A few months later, Yurtseven signed with the Miami Heat. From there, his NBA journey went an entirely different route than anyone could have expected.

Fast-forward six months and Yurtseven has been an integral piece in the Miami Heat’s success this season. Once Adebayo went out with a thumb injury, Yurtseven was thrown into the fire as a backup big alongside Dewayne Dedmon. Over a fast-growing sample size of minutes and games, Yurtseven has passed his first NBA test with flying colors.

He will likely slide into a scaled-back reserve role after this weekend as Adebayo soaks up heavy minutes at center, but he’s now become an intriguing long-term development piece for Miami.

Heading into Friday’s matchup against the Atlanta Hawks, the Heat have carried an above .500 record at 13-7 without their All-Star big man. Miami’s ability to stay afloat is closely linked with how many underrated pieces stepped up for the team along the way. It should be noted that even during this stretch, Jimmy Butler was in-and-out of the starting lineup multiple times as well.

Tyler Herro looked the part, once again, of an instrumental building block for their young core. Duncan Robinson snapped out of his season-long shooting slump. Kyle Lowry’s offseason addition loomed large as his veteran presence was massive for the undermanned Heat.

However the most impressive player in my eyes was the unheralded Turkish big who has now carved out a golden opportunity for himself in Miami.

Since Yurtseven became a fixture in the Heat’s rotation, he has averaged 10.3 points, 13.8 rebounds and 2.2 assists in 28.7 minutes per game. That’s a big enough sample size over 12 games to parse through the unique elements Yurtseven brings to the Heat’s frontcourt.

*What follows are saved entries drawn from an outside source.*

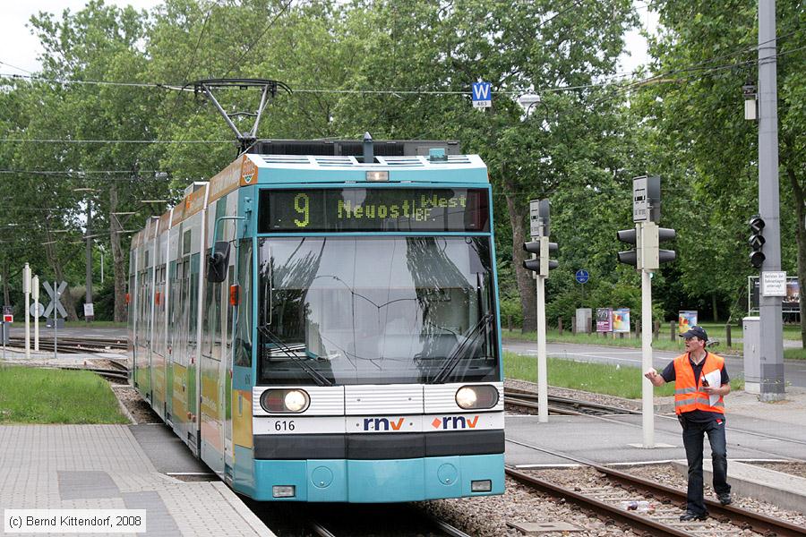 | Straßenbahn Mannheim - 616 Triebwagen 616 an der Haltestelle Luisenpark / Landesmuseum, aufgenommen am 17. Juni 2008. Die Linien- und Fahrtzielanzeige vorn am Fahrzeug wird gerade umgestellt. Photo: Bernd Kittendorf (info@bernd-kittendorf.de) Homepage: www.bernd-kittendorf.de |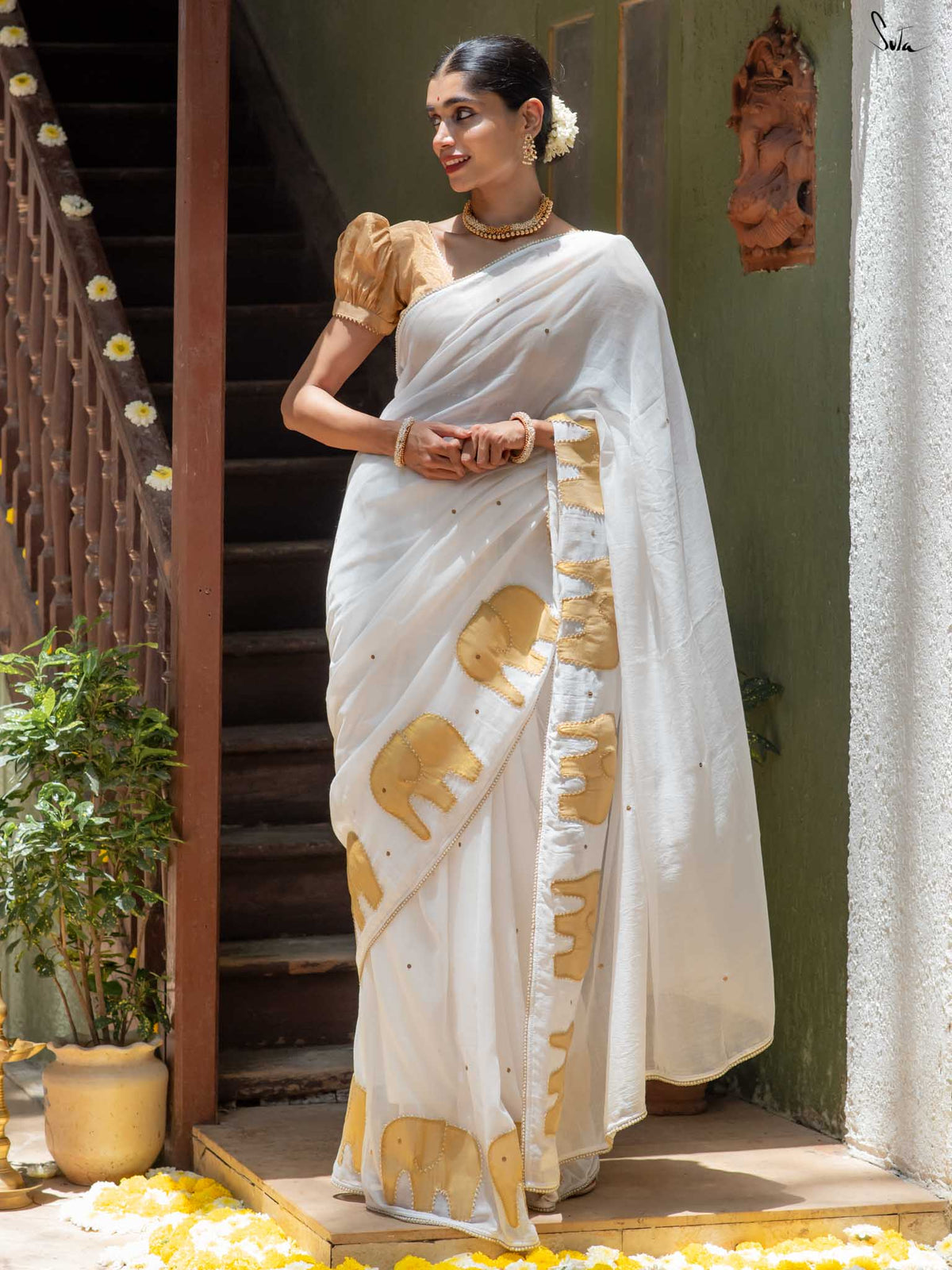 Aanavattom is inspired by ‘Aana’, the Malayalam word for elephant. Crafted in soft white cotton mul, it features intricate gold elephant patchwork on the pallu. The body is finished with delicate gold samosa lace, pearl, and fine sequin detailing adding a festive shimmer to your look. Lightweight, breathable, and comfortable all day long, Aanavattom is perfect for parties and festivities.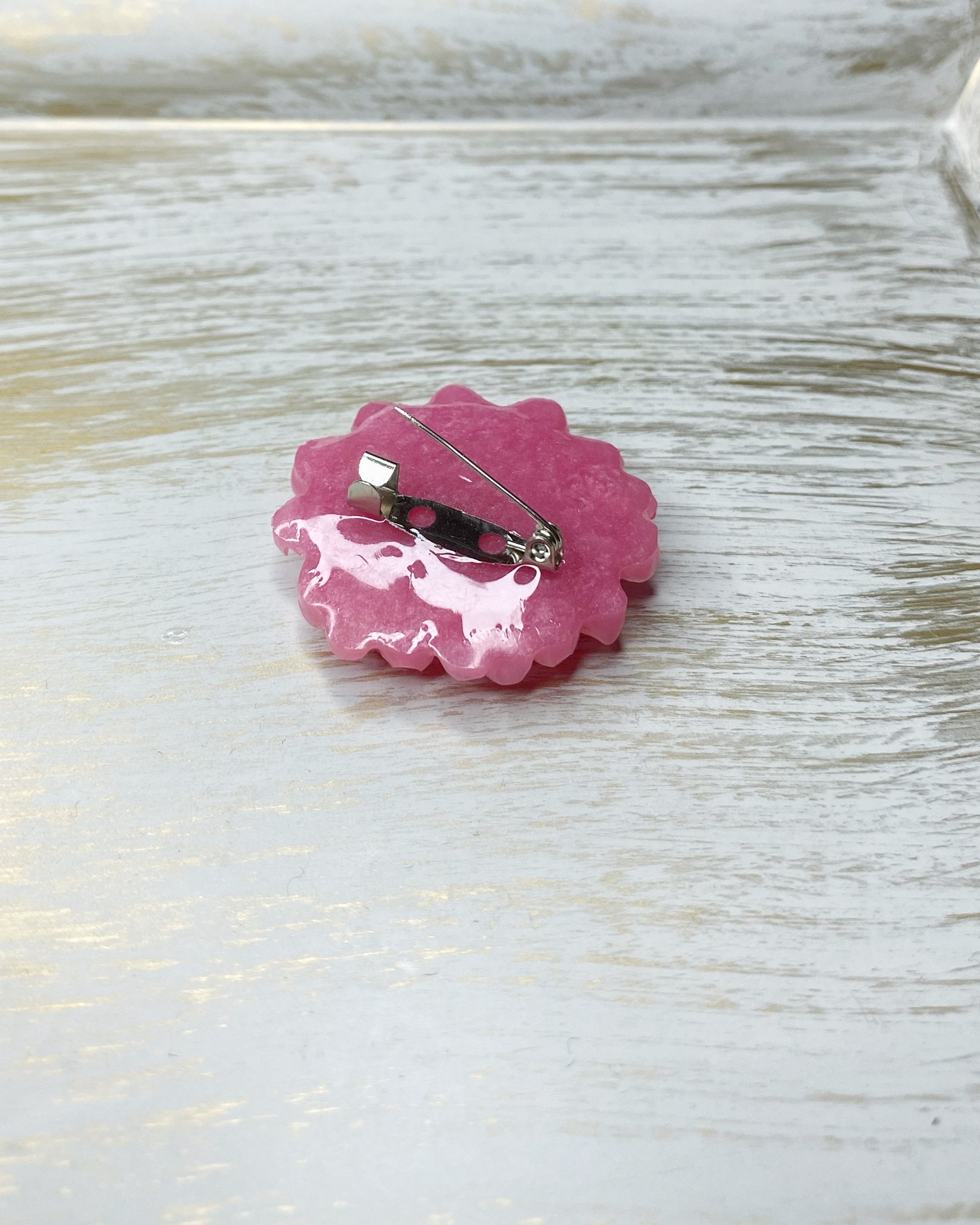 Broșă realizată manual din rășină, disponibilă în mai multe culori. Fiecare model este unic.
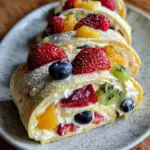 Creamy Fruit Salad Rollups are a delightful and refreshing treat that combines the rich flavor of cream cheese with a mix of fresh fruits, all wrapped in a soft tortilla.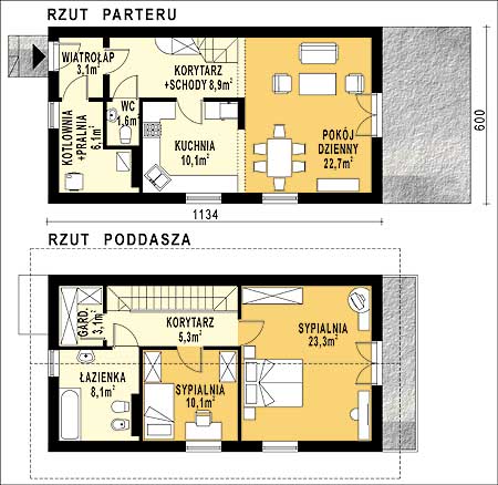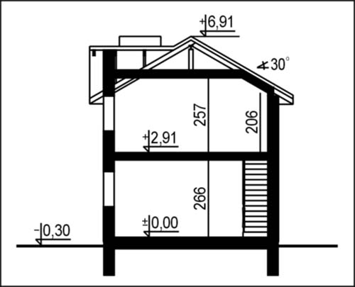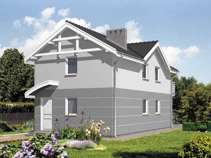 Budynek jednorodzinny, parterowy, z poddaszem mieszkalnym, niepodpiwniczonyŚciany zewnętrzne: grubość 36,5 cm z YTONG; strop: żelbetowy; schody: żelbetowe; dach: dwuspadowy o nachyleniu 30 stopni, więźba krokwiowo-jętkowa, krycie dachówką ceramiczną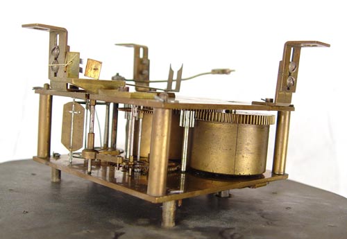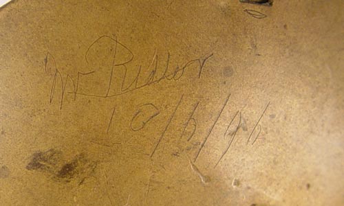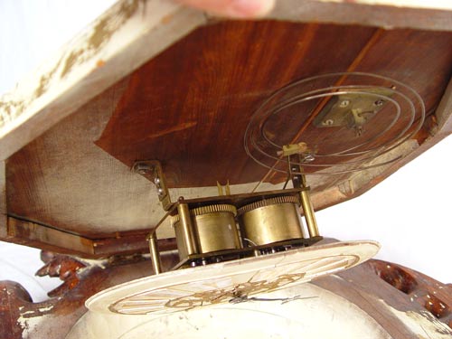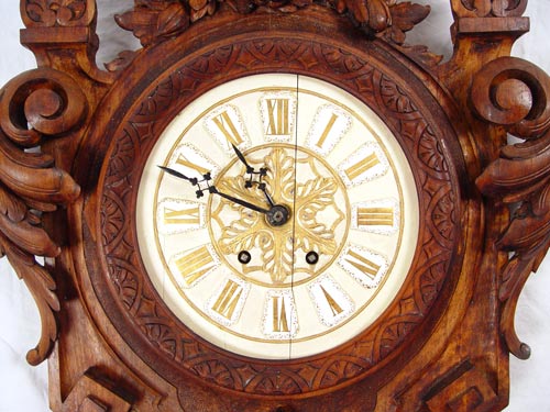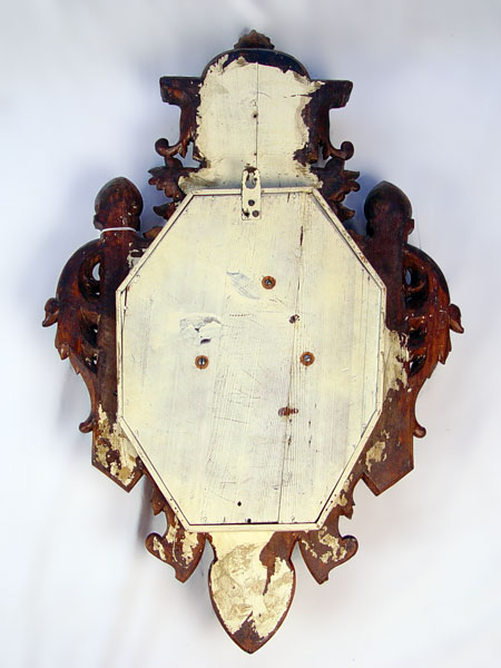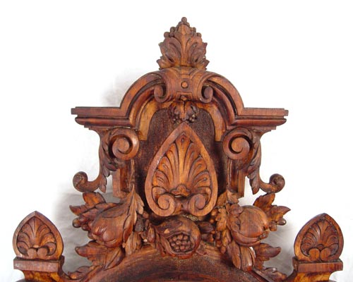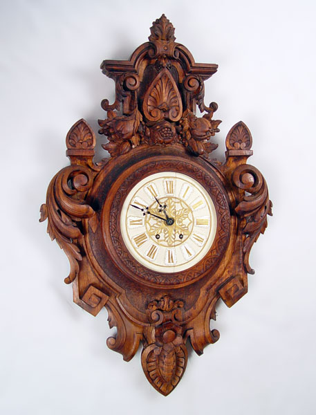 GERMAN BLACK FOREST CARVED WOOD WALL CLOCK: Circa late 19th century, case carved with swirl, fruits, nuts and architectural motifs. Porcelain Roman numerals on 9 1/2'' dial, note crack on face. Unmarked key and pendulum works with gong strike. Pendulum hand marked M. Ridler? 10/6/96. Measures 38'' high x 24'' wide. Note replaced mounting screws for works, split on back board.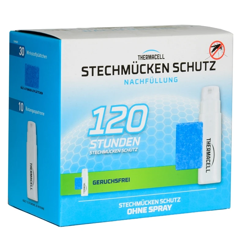 Das Thermacell Nachfüllpack ist die ideale Ergänzung für alle Thermacell-Geräte und bietet einen 120-stündigen Schutz vor lästigen Mücken und weiterem Ungeziefer. Das Pack enthält 10 Gaspatronen und 30 Wirkstoffplättchen, die flexibel und nach Bedarf austauschbar sind.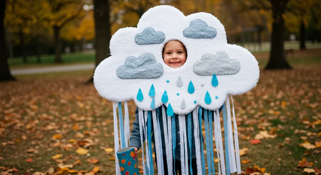 - Have your child wear simple, gray or blue clothing underneath to represent a rainy sky.
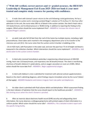 The HESI RN Leadership and Management Exit Exam 2025–2026 includes 160 verified, real exam-style questions with 100% correct answers, making it the most accurate and up-to-date resource for nursing students preparing for the HESI Leadership/Management assessment. This A+ graded test bank reflects the latest HESI blueprint, ensuring complete coverage of leadership roles, delegation, communication, and professional accountability in nursing practice.

Yurtseven has displayed elite rebounding traits, placing him in the upper-echelon alongside well-known board gobblers (Rudy Gobert, Nikola Jokic, Clint Capela), as well as showing promising floor-spacing potential. More recently, though, Yurtseven has brought intrigue via an ability to find open shooters, often operating as a high-post facilitator. Over his last three games, Yurtseven has dished out 18 assists. That’s more dimes than Yurtseven put together since the stretch when he originally entered Miami’s rotation (17).

Yurtseven’s blossoming all-around development has of course caught the eye of Heat head coach Erik Spoelstra.

“He has good vision," Heat coach Erik Spoelstra said after Yurtseven’s career-high 8 assists against the Phoenix Suns. "He has size. and he's had some games for us where he's been able to find open cutters, dribbles out to shooters. He's really improved in that aspect of helping somebody else get an open look. He’s earned more touches in those situations to be able to do a little bit of playmaking for us.”

Add it all together and it's obvious the 23-year-old big man is just now beginning to scratch the surface of what his potential could truly become in South Beach.

Miami hit the lottery again with their renowned player development program. Omer Yurtseven is a keeper, and he’s well on his way to being a vital piece in their puzzle.